*Automating the implementation of source code*
We exploited deep learning (DL) models to automatically recommend developers how to finalize an ongoing implementation task. DL models can be trained to "learn" how to deal with a specific task by looking at concrete examples (i.e. training set). We provide the DL model with millions of examples of source code written by developers. We showed that DL models can correctly guess the next few code tokens the developer is likely to write in ~70% of cases. When the prediction task becomes more complex (i.e. predicting dozens of tokens), the performance drops to ~30%, with the DL model still being able to generate quite complex code snippets. This work has been presented at the MSR'21 conference and in the TSE journal.

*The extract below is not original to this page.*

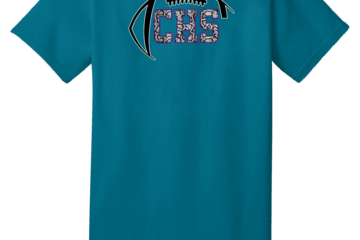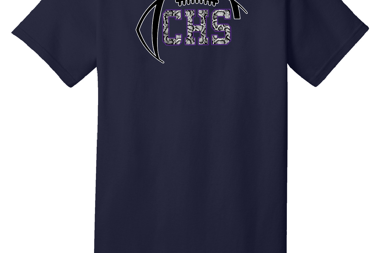 - 50/50 cotton/poly (Dark Heather Grey, Heather Navy)

Given the positive results we achieved, we investigated the extent to which DL models tend to copy code from their training set when recommending code. Such a research question is particularly important considering the fact that most of DL-based code recommenders have been trained on the source code of open source repositories and it is unclear whether the code they generate should be considered as new or as derivative work, with possible implications on license infringements. We showed that ~10% to ~0.1% of the predictions generated by DL-based code recommenders are exact copies of instances in the training set (MSR'22 conference).
We also showed the importance of building a high-quality training set for DL models targeting code generation: Feeding low-quality code, even in small percentages, results in a major increase of low-quality code produced by the model (ICPC'25 conference).
*Automating code-related tasks*
There are several tasks revolving around software writing. In DEVINTA we targeted their (partial) automation with the goal of saving time to software developers. We focused on the usage of large pre-trained DL models. To better understand the idea behind these models, let's assume we are interested in training a DL model able to translate from Italian to English. The training would usually require to provide the model with several examples of Italian sentences translated to English. Creating such a training dataset requires manual effort. For this reason, these datasets are usually limited in size, with consequences on the model performance. The idea behind pre-training is to firstly "teach" the model basic features about the languages of interest without the need for a manually built dataset. For example, the model is provided as input with sentences of the language of interest (e.g. Italian sentences) having specific words masked and it is required to guess the masked words. Only after pre-training, the model is "fine-tuned" to learn the specific task of interest (in our example, the translation task). We showed that pre-training substantially boost performance in the automation of several code-related tasks (e.g. bug-fixing), with results published at the ICSE'21, ICSME'21, ICSE'22, ICSE'23, ICSE'24, and ICPC'24 conferences and in the TSE, JSS, and EMSE journals. We also documented 45 tasks which developers automate via DL, presenting our findings at MSR'24 and receiving a Distinguished Paper Award.
*Online code review*
Code review is the process of analyzing source code written by a teammate to judge whether it is of sufficient quality to be integrated into the software project. We presented the first approach in the literature taking as input a previously unseen code and recommending code changes as a reviewer would do. These findings are detailed in works presented at the ICSE'21 and ICSE'22 conferences, and have been quite impactful, resulting in many follow-up works on the same topic. Finally, we run a controlled experiment with developers to assess the extent to which AI-based code review actually helps them in finding more quality issues. We found out that, while the AI is able to find quality issues, it also impacts the developers' behavior: Developers experience a tunnel-vision effect, focusing only on parts of the code commented by the AI and missing quality issues in other parts of the code (ICSE'25 conference).